BUY MCX | TARGET: Rs 1,710 | STOP LOSS: Rs 1,540
MCX witnessed a splurge in the last trading session on the back of robust volumes and breached its consolidation zone. Also, the stock has tested the unfilled gap on the higher side and is aggressively headed towards the sloping trend-line from its lifetime high zone. On the conservative side, the downside is limited as the cluster of exponential moving averages are placed nearby, wherein on the oscillator front 14-period RSI shows a positive crossover, adding a bullish stance for the near future.

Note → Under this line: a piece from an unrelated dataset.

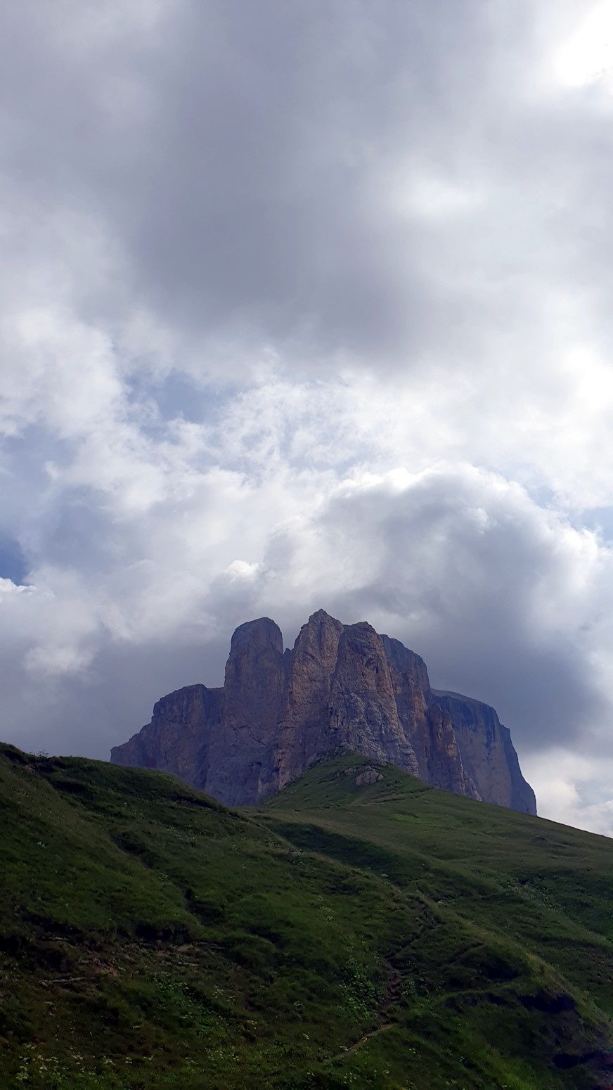 Desde el paso del Sella se pueden admirar en toda su belleza los picos del Sassolungo, la Marmolada, el Grupo del Sella y, más lejos, los

Cochin Shipyard saw robust volumes in the last trading session, and the stock has soared higher than its immediate previous high and even breached its sloping trend-line indicating inherent strength in the counter. On the daily time frame, the stock is placed well above all its major moving averages, affirming the bullishness in the counter. On Bollinger band (20, 2) the counter is headed strongly above the upper band, indicating a near-term expansion in the band.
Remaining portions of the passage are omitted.